[[ SUPPLIED DATA, beginning ]]

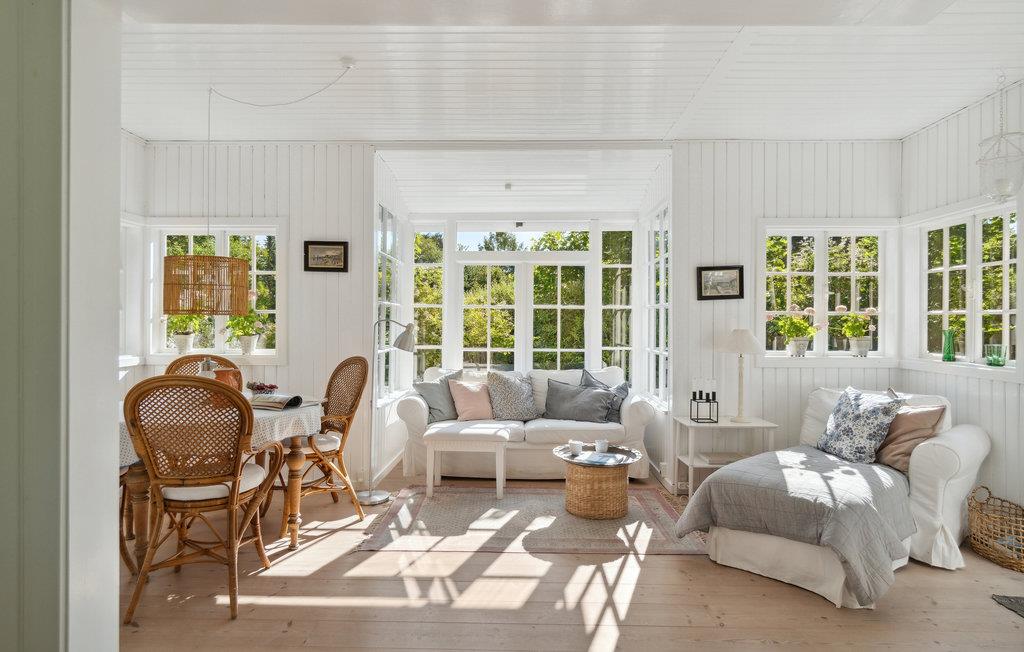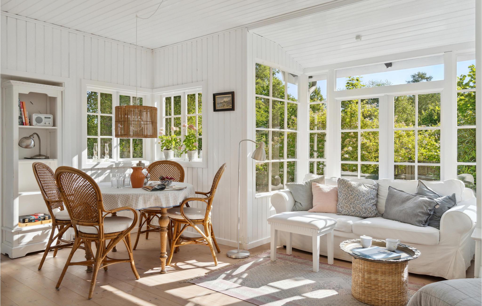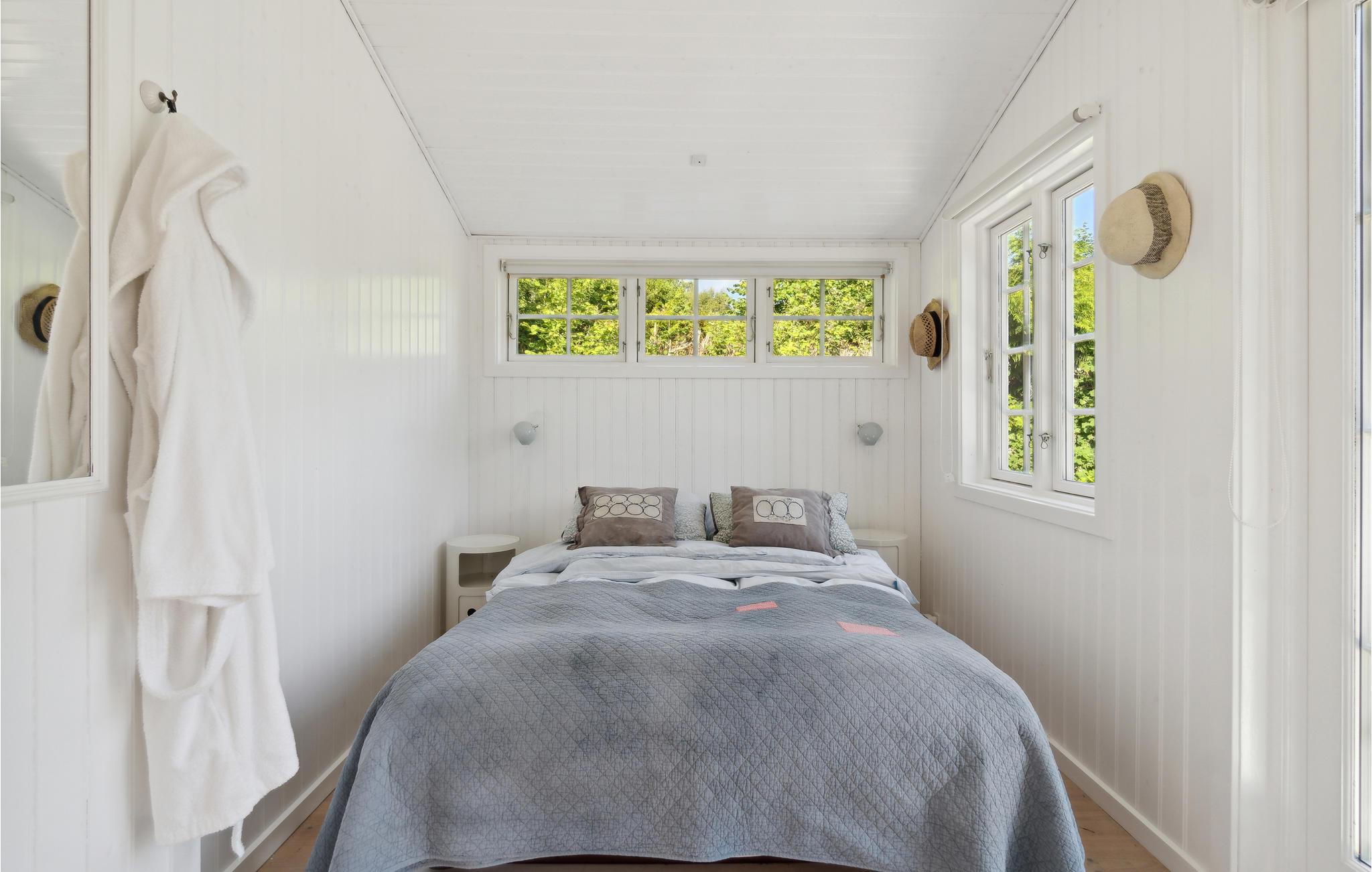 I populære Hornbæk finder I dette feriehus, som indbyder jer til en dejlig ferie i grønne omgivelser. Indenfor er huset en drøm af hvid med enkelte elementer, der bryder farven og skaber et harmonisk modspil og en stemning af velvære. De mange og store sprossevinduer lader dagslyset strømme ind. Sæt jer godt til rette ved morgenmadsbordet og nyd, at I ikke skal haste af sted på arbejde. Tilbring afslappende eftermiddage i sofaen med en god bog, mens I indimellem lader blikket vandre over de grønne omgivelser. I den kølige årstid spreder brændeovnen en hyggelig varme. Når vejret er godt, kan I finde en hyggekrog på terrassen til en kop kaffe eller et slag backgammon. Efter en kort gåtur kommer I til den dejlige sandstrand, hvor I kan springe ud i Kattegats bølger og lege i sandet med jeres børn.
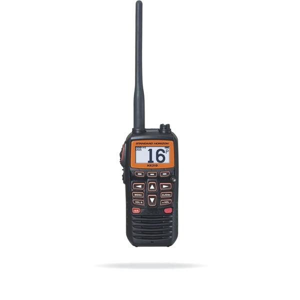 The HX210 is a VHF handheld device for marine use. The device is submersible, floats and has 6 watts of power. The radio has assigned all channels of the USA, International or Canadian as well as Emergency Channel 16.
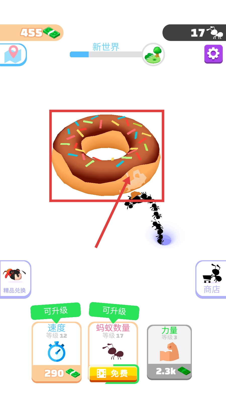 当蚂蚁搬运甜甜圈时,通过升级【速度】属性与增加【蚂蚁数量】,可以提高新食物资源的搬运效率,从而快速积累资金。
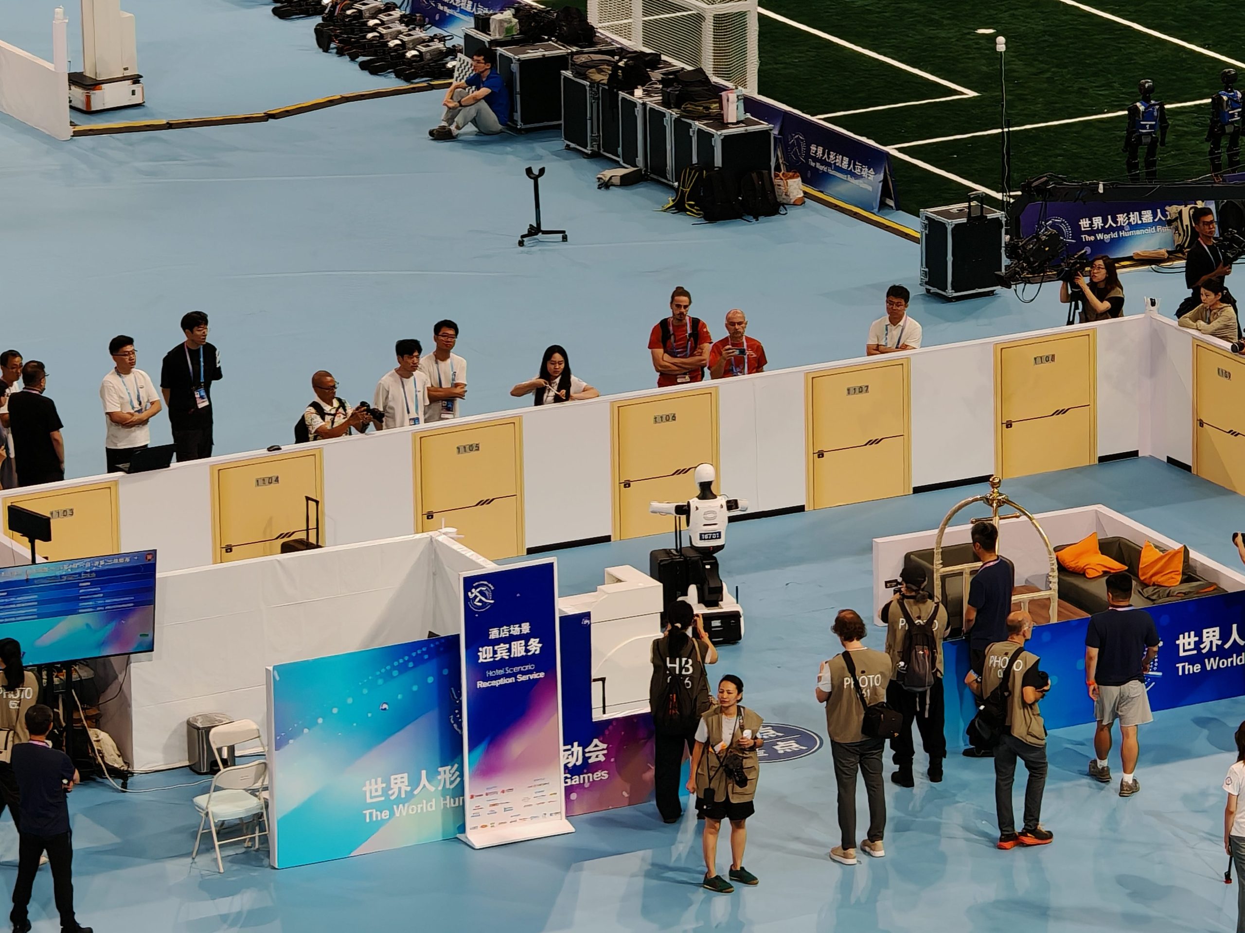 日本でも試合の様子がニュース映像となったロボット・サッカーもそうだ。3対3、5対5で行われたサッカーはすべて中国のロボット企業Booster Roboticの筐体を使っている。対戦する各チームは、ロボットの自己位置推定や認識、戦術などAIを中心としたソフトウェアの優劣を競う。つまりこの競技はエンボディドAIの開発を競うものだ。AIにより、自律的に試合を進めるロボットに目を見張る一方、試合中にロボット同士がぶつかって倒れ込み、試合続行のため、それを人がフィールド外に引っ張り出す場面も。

[[ SUPPLIED DATA, end ]]

§ **WORK TO BE COMPLETED**: Please repeat, exactly as written, only the lines from the line with "当蚂蚁搬运甜甜圈时,通过升级" to the end of the data, leaving out every picture.

§ **RESULT FOR THIS TASK**:
 当蚂蚁搬运甜甜圈时,通过升级【速度】属性与增加【蚂蚁数量】,可以提高新食物资源的搬运效率,从而快速积累资金。
 日本でも試合の様子がニュース映像となったロボット・サッカーもそうだ。3対3、5対5で行われたサッカーはすべて中国のロボット企業Booster Roboticの筐体を使っている。対戦する各チームは、ロボットの自己位置推定や認識、戦術などAIを中心としたソフトウェアの優劣を競う。つまりこの競技はエンボディドAIの開発を競うものだ。AIにより、自律的に試合を進めるロボットに目を見張る一方、試合中にロボット同士がぶつかって倒れ込み、試合続行のため、それを人がフィールド外に引っ張り出す場面も。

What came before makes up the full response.